(What the task asks): Give again, word for word, every line below from the one that has "Stylistically varied, Katarina" through the one that has "Researchers propose a", both included, and no others.

(Data to examine):

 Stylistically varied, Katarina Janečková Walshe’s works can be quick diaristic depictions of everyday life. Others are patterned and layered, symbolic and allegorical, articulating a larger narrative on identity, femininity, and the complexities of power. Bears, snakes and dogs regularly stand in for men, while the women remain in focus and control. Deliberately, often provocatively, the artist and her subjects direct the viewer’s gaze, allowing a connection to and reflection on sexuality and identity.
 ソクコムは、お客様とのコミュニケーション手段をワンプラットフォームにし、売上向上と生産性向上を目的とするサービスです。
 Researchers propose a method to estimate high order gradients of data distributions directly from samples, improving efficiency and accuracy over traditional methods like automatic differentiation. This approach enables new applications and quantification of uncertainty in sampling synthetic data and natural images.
---
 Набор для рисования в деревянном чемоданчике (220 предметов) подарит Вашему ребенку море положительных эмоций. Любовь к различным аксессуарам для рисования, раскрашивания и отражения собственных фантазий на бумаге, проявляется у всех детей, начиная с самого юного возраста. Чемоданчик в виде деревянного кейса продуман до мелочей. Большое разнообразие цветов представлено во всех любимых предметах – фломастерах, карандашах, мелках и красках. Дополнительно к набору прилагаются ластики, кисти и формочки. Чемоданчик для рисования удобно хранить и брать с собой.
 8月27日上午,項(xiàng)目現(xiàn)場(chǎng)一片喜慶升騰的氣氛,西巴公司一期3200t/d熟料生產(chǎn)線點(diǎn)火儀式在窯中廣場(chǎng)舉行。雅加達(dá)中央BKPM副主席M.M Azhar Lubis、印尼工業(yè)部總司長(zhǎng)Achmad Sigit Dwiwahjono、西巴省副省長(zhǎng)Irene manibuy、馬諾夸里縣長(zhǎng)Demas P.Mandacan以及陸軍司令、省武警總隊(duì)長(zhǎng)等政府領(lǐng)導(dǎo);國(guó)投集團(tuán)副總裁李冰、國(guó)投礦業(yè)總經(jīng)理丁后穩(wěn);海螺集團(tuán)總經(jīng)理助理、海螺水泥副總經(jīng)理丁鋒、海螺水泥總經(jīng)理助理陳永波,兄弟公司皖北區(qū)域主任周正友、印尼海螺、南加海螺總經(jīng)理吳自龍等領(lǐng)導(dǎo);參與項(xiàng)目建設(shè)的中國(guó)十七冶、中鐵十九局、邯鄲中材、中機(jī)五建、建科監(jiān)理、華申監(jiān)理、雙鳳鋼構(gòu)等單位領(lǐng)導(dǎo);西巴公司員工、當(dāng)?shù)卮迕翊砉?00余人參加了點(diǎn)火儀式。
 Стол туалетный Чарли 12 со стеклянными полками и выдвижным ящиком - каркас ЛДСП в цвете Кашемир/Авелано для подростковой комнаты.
* * *
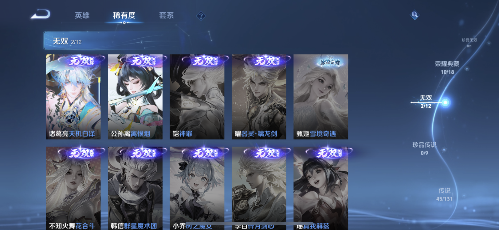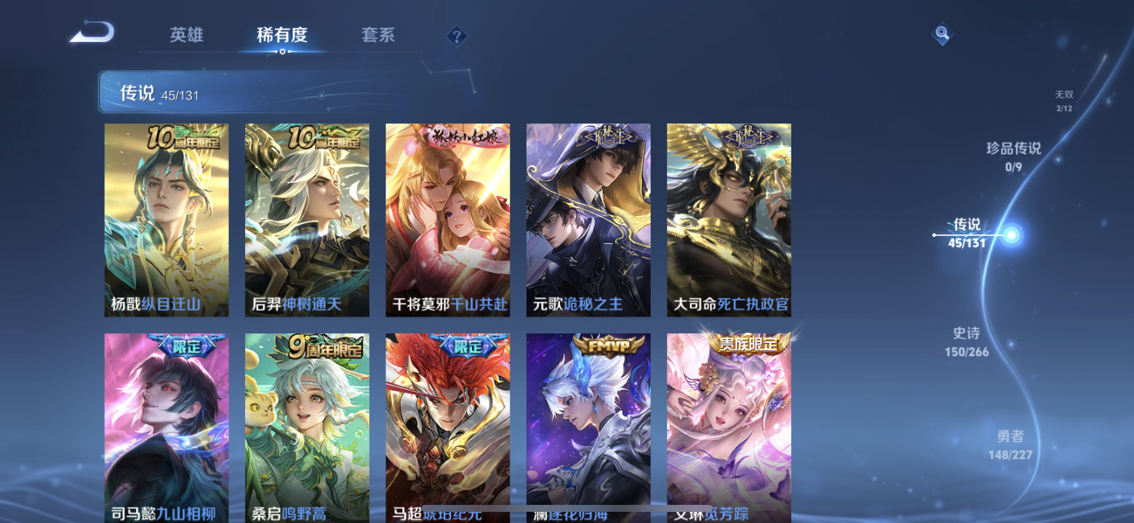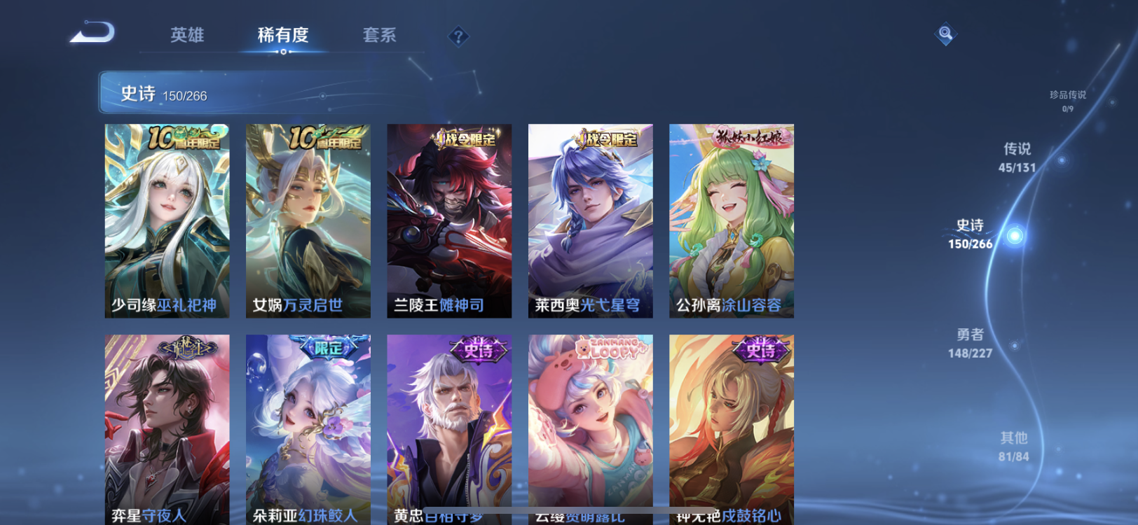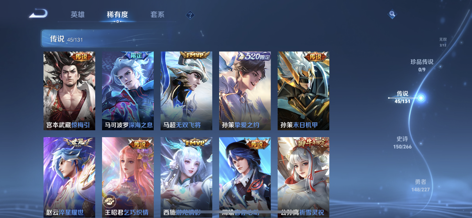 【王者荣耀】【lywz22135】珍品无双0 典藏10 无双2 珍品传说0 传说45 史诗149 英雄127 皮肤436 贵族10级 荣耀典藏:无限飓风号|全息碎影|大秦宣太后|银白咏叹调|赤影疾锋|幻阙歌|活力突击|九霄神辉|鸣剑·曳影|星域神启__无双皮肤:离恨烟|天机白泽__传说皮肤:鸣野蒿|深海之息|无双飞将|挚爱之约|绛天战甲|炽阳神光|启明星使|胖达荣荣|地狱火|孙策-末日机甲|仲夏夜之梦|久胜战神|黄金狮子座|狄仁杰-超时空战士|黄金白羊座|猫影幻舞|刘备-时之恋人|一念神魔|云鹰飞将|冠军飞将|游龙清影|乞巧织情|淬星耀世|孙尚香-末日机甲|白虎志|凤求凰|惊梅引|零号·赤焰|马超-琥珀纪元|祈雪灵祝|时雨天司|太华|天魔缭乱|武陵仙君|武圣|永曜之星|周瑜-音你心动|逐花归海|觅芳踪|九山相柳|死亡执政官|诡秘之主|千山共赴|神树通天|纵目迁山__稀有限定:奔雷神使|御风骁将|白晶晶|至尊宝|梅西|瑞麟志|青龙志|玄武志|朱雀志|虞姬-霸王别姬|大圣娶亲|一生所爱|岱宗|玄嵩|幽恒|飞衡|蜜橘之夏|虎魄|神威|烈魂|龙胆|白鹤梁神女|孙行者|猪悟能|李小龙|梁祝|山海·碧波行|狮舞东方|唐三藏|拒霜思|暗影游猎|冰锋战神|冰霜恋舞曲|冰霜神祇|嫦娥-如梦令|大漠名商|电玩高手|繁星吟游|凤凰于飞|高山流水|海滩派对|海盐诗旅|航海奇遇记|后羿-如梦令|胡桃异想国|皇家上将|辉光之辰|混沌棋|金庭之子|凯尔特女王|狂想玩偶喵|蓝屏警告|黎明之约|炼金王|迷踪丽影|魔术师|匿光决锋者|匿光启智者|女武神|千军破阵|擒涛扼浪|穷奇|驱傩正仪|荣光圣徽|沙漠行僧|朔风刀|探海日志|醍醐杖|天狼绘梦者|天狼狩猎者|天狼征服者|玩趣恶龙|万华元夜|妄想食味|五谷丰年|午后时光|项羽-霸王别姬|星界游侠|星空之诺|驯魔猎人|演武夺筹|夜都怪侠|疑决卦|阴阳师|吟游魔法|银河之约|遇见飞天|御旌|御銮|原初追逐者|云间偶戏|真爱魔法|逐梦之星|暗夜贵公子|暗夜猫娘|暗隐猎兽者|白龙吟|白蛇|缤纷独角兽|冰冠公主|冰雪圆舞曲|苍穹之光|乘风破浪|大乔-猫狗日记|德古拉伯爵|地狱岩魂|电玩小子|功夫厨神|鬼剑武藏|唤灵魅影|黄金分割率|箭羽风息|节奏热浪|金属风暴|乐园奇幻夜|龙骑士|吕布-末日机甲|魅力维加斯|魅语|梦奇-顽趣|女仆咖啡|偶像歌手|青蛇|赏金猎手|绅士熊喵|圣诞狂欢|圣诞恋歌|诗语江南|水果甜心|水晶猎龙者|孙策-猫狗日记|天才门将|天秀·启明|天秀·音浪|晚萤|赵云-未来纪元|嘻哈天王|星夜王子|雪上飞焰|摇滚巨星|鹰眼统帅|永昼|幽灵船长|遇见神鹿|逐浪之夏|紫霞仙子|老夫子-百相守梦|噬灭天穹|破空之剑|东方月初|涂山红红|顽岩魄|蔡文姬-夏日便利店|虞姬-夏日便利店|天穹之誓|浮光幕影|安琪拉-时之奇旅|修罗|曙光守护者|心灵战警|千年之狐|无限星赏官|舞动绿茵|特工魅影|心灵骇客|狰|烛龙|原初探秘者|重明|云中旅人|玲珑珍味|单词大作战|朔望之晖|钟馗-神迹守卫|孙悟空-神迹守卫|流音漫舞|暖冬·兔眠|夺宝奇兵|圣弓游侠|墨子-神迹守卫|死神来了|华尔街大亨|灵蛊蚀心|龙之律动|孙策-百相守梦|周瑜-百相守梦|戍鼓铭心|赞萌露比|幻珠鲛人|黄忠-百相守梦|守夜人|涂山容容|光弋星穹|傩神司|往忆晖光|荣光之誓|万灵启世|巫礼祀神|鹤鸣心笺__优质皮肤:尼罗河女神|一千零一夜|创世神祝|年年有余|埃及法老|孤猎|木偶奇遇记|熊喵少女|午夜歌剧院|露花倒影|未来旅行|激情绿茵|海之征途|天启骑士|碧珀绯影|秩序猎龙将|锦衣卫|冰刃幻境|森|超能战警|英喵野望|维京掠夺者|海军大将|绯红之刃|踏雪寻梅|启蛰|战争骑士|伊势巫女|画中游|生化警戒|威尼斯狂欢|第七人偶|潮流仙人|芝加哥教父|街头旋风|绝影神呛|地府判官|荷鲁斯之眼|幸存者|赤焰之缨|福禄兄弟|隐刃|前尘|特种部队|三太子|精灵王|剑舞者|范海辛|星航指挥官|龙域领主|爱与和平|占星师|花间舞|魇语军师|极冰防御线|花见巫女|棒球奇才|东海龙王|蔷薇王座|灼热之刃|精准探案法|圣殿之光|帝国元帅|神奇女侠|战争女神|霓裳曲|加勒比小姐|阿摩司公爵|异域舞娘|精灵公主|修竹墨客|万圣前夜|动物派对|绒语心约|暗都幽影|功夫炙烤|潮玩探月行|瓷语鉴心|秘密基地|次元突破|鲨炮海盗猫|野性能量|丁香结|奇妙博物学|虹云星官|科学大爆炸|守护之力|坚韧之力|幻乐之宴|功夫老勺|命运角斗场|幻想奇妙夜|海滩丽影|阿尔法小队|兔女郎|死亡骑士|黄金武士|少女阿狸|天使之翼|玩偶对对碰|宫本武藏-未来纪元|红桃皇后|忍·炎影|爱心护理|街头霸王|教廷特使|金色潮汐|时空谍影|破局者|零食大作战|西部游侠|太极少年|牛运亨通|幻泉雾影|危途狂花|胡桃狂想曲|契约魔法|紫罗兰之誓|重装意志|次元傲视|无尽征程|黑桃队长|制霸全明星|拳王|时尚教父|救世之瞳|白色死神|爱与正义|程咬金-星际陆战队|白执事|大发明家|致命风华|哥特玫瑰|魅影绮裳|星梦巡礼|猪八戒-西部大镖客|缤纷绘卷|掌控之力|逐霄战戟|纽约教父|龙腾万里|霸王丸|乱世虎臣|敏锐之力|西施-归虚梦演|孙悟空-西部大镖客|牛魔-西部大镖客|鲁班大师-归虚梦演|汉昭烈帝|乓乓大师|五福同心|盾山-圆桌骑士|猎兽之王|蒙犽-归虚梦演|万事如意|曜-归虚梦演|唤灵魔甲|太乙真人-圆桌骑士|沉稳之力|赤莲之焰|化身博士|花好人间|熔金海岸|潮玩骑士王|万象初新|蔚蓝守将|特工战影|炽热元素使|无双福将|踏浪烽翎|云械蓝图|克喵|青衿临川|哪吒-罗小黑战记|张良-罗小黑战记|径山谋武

(Problem solution):
 Stylistically varied, Katarina Janečková Walshe’s works can be quick diaristic depictions of everyday life. Others are patterned and layered, symbolic and allegorical, articulating a larger narrative on identity, femininity, and the complexities of power. Bears, snakes and dogs regularly stand in for men, while the women remain in focus and control. Deliberately, often provocatively, the artist and her subjects direct the viewer’s gaze, allowing a connection to and reflection on sexuality and identity.
 ソクコムは、お客様とのコミュニケーション手段をワンプラットフォームにし、売上向上と生産性向上を目的とするサービスです。
 Researchers propose a method to estimate high order gradients of data distributions directly from samples, improving efficiency and accuracy over traditional methods like automatic differentiation. This approach enables new applications and quantification of uncertainty in sampling synthetic data and natural images.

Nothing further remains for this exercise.